# Does it sound like this slury will still be good?



## ditchbanker (Feb 28, 2011)

I've got 3 gallons of concord wine that I racked into secondary 6 days ago. It's using 1118 yeast. I'm still getting a few bubbles, but not much. If I rack it tonight will the slury still have enough active yeast to drop in the 5 gallons of SP I prepared last night or should I do a new start?

Thanks for any input.


----------



## Julie (Feb 28, 2011)

ditchbanker said:


> I've got 3 gallons of concord wine that I racked into secondary 6 days ago. It's using 1118 yeast. I'm still getting a few bubbles, but not much. If I rack it tonight will the slury still have enough active yeast to drop in the 5 gallons of SP I prepared last night or should I do a new start?
> 
> Thanks for any input.



yes, follow Lon's instructions and you should be fine


----------



## ditchbanker (Feb 28, 2011)

I looked at the web site and after instructions it just says to add the slury. Is there something else I need to do? I'd like to get started ASAP. I don't have any finished wine yet and I'm getting anxious to drink something I've made.


----------



## Julie (Feb 28, 2011)

lol, you will like the skeeter pee. No just do what Lon says and if you get another wine going take that slurry and make another batch of skeeter pee, cuz sp is not gonna last long in your house.

Also, you can take your slurries and freeze them, I am using slurries that are a year old in the freezer and they are working well.


----------



## Wade E (Feb 28, 2011)

That yeast is starving for some more sugar to munch on, It will start like wildfire!


----------



## ditchbanker (Feb 28, 2011)

Awesome, thanks.

Yeah, I'm really excited to try the concord wine I've started (threw in a pound of blackberries on a whim). I also have a bunch of fruit wines I want to do when I can harvest my fruit trees. I'm considering visiting some of the many local wineries for some fresh juice so I can get some good complex wine flavors. 

That said, I love this idea of quick tasty thirst quenching wine. I suspect this will replace the beer I usually drink in the summer time.


----------



## Julie (Feb 28, 2011)

If you like concord try some blends, concord/cranberry is just awesome and concord/cherry it another good blend


----------



## ditchbanker (Feb 28, 2011)

I've actually never tried concord.
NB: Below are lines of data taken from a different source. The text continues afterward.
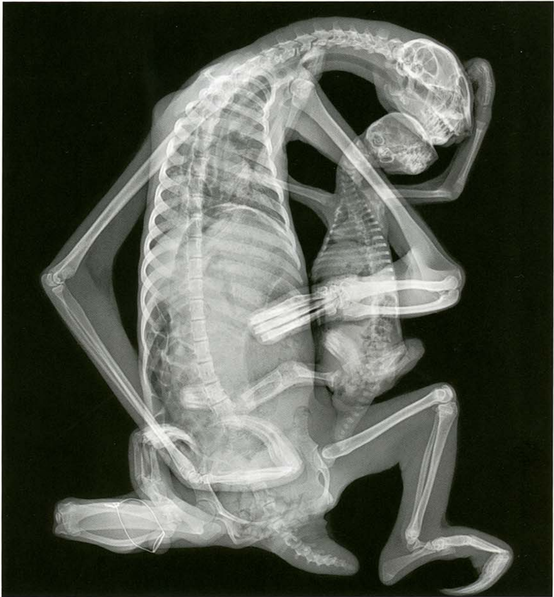
SLOTH PIETA, 2011 Carbon on cotton print 26 x 24 inches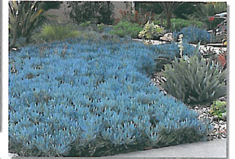
Senecio 'Blue Chalk Sticks'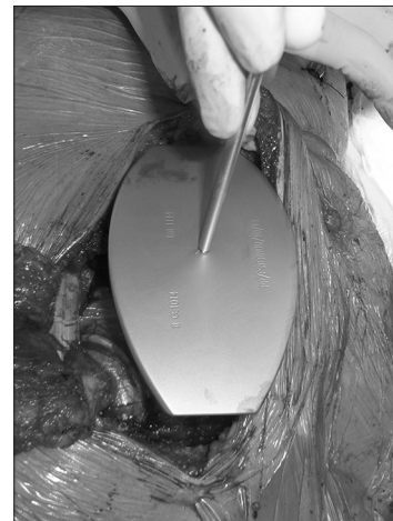
Figure 2: Testing metallic implant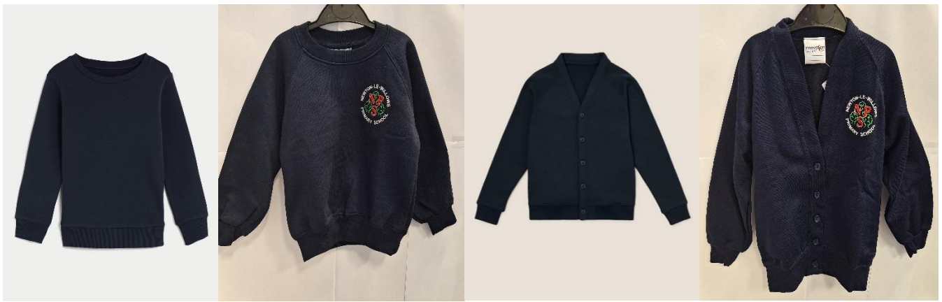
Unbranded Navy Sweatshirt

I have a hard time branching to much that isn't cab or syrah. I just enjoy those two a lot. When it came time to start a red wine, I, well, was too impatient to order a good kit. Concord's just easy to come by.


----------



## ditchbanker (Mar 1, 2011)

Thanks for the help. Less than 12 hours after dumping in the slury I've got a bubbling bucket of pee under my kitchen counter! 

(2 months ago that sentence would have caused me serious concern).


----------



## djrockinsteve (Mar 1, 2011)

Last night about an hour after everyone went to bed I decided to do th esame. Went into the living room near front door to turn off a light. Click and darkness. In the near distant a hissing.

Yep the yeasts were busy working on a choke cherry wine I started. You can hear this across the room.

This one will be a definite slurry for skeeter pee.

Tell someone to go under the kitchen sink and bring me that bucket o' pee. See who actually complies


----------